> **What you will do**: Using the material below, print a verbatim copy of every line from the one containing "手作りのこだわりの品 天然木" through the one containing "Defi9 Defibrillator monitor", inclusive, and omit the pictures.

> **Source data**:
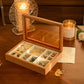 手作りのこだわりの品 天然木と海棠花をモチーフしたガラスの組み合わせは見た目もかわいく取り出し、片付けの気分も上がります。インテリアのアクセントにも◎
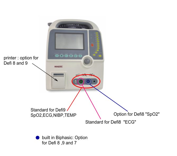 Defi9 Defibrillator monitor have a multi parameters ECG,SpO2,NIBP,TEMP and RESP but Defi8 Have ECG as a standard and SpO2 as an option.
---
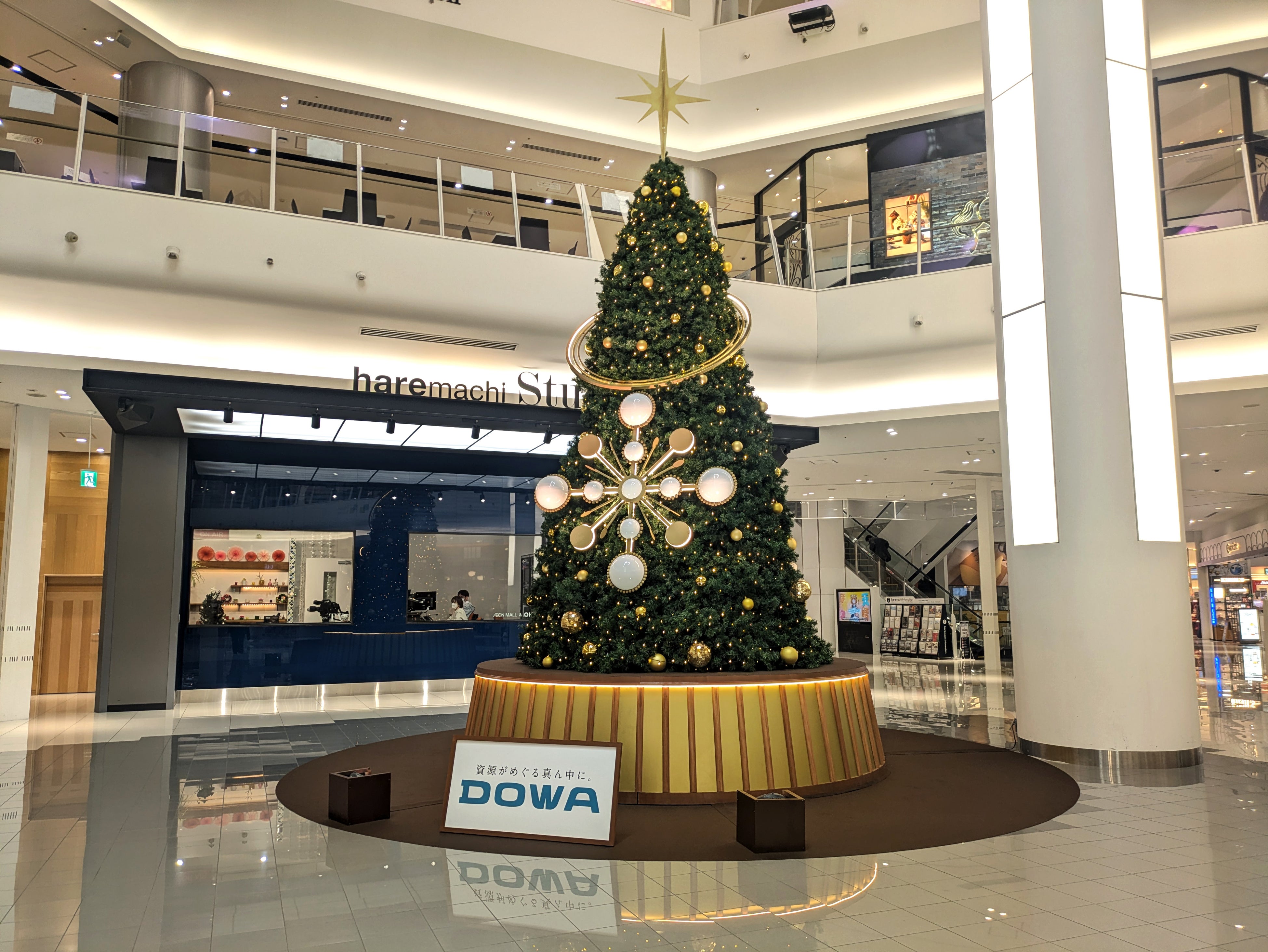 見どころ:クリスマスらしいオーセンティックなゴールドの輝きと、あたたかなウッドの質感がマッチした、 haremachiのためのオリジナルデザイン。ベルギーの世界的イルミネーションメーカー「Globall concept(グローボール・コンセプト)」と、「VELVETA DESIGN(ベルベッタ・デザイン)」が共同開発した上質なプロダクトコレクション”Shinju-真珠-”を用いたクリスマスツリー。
--
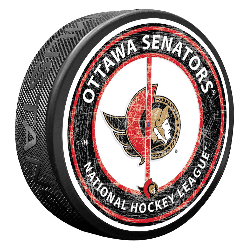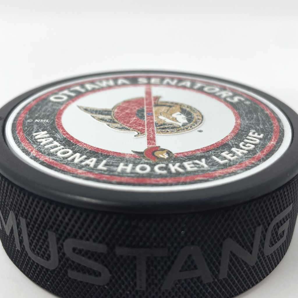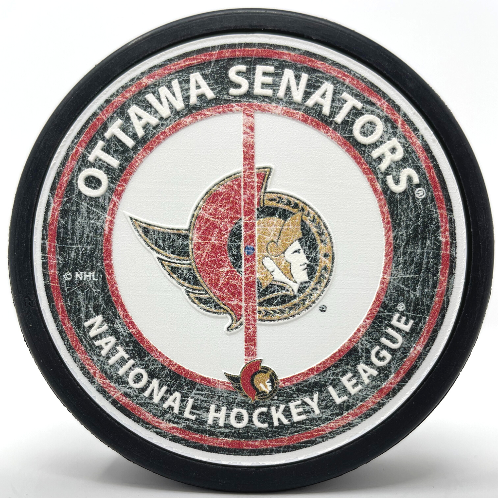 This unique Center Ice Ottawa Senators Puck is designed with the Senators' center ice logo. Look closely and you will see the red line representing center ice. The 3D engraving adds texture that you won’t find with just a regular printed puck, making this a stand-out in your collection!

> **Solution for this problem**:
 手作りのこだわりの品 天然木と海棠花をモチーフしたガラスの組み合わせは見た目もかわいく取り出し、片付けの気分も上がります。インテリアのアクセントにも◎
 Defi9 Defibrillator monitor have a multi parameters ECG,SpO2,NIBP,TEMP and RESP but Defi8 Have ECG as a standard and SpO2 as an option.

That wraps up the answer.